El establecimiento de este sistema en Costa Rica data de 1996, a raíz de la Cumbre de la Tierra, celebrada en Río de Janeiro, en 1992. El PSA se sustenta en el principio de que los propietarios de bosques y plantaciones forestales recibirán pagos como una medida de compensación por los servicios que estos ecosistemas brindan a la sociedad costarricense, en particular,
y a la comunidad internacional, en general. Así pues, el Estado costarricense aplica dicho programa por medio del Ministerio de Hacienda y el Ministerio de Ambiente y Energía, al que le corresponde ejecutar el reconocimiento a los propietarios de bosques y plantaciones por los servicios ambientales que ellos generan. El FONAFIFO capta y organiza los fondos provenientes del Ministerio de Hacienda y de otras fuentes de financiamiento; y el Sistema Nacional de Áreas de Conservación (SINAC) es el encargado de determinar las áreas prioritarias donde se aplicará el pago, recepción y trámite de solicitudes planteadas
por los interesados.

De esta manera, desde 1997 hasta el 2000, la aplicación del PSA en Costa Rica ha abarcado más de 260 mil hectáreas.

Entrevista con Salvador Pérez de Movimiento por la Acción Forestal y el Medio Ambiente

PSA: Un buen paso en el MAL PASO

La experiencia de los PSA en la comunidad del Regadillo, situada al noroeste de la ciudad de Estela, en la microcuenca El Mal Paso, es un ejemplo que ha sido valorado
por las 250 familias establecidas ahí.
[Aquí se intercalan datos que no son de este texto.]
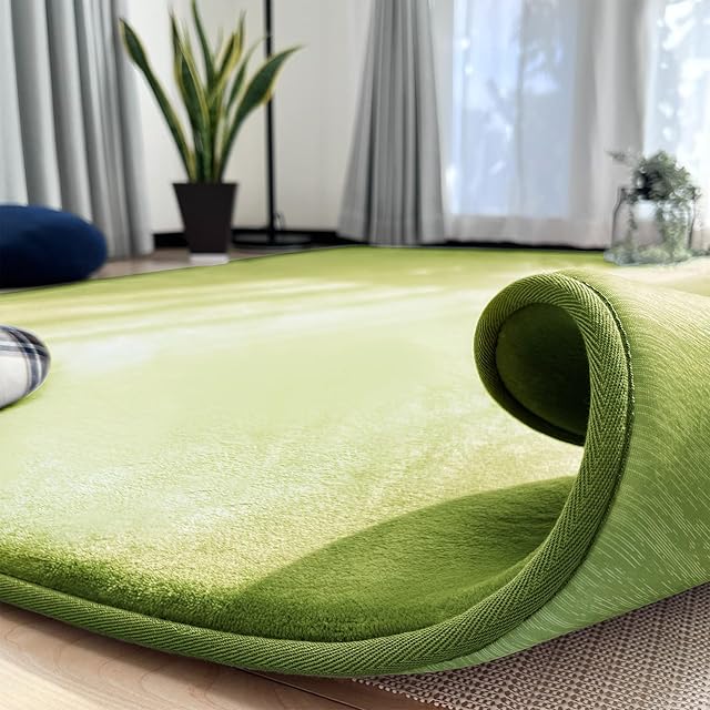 REDREAM 第3世代 カーペット ラグ 洗える 両面 低反発 厚手 防音 冬 ぽかぽか 夏 ひんやり 滑り止めシート付き らぐまっと ホットカーペット 対応 約1.5畳 じゅうたん (グリーンT 130x185cm 長方形)

Según Salvador Pérez, del Movimiento por la Acción Forestal y el Medio Ambiente (MOPAFMA), en este lugar antes habían 20 fuentes de agua, las que se han reducido a ocho, a causa de los despales, producto de la actividad maderera y ganadera en la región.

Desde hace aproximadamente 10 años la comunidad empezó a presionar a las autoridades a fin de obtener el servicio de agua domiciliar, mismo que se estableció hace aproximadamente cuatro años, con la participación de alcaldías, ONG y la gestión de la comunidad, la que estableció la tarifa para este servicio.

¿Qué pasó con las fuentes que pasaron
de 20 a ocho? Necesitan protección, lo que conduce
a un costo ambiental, explica Pérez. “Ahí hay un bosque que no se está tocando, está prohibido toda explotación pues este permite la principal infiltración del agua. Se han establecido plantaciones de pinos, cercas vivas, plantaciones energéticas, etc., con el apoyo de organismos extranjeros, para insumos y materiales, y mano de obra que han aportado las comunidades. En cuanto al servicio ambiental propiamente dicho, ellos pagan dos cosas: la distribución del bien, que en este caso es el agua, y una pequeña cantidad de dinero para lo que es el servicio
ambiental, que es el mejoramiento de la capacidad del ecosistema para proveer agua, que es intangible.”

Aunque las familias están dispuestas a pagar por el servicio, que ha variado de cinco córdobas, que se pagaban inicialmente, a 60 córdobas, que es lo que se paga actualmente, la tarifa multiplicada por 150 familias no es suficiente para cubrir los costos. Sin embargo, explica Pérez, es lo que los beneficiarios están dispuestos a pagar.

“Este es un mercado imperfecto, aún. Las comunidades no pueden pagar todo lo que vale el servicio y el bien, y por otro lado los oferentes de agua tampoco están dispuestos a hacer todas las inversiones que necesita este servicio para desarrollarse, porque no tienen tantos recursos. Por esto ha sido tan importante la inversión de organismos como MOPAFMA, POSAF, PASOLAC, la Alcaldía de Estelí, y la comunidad, entre otros.”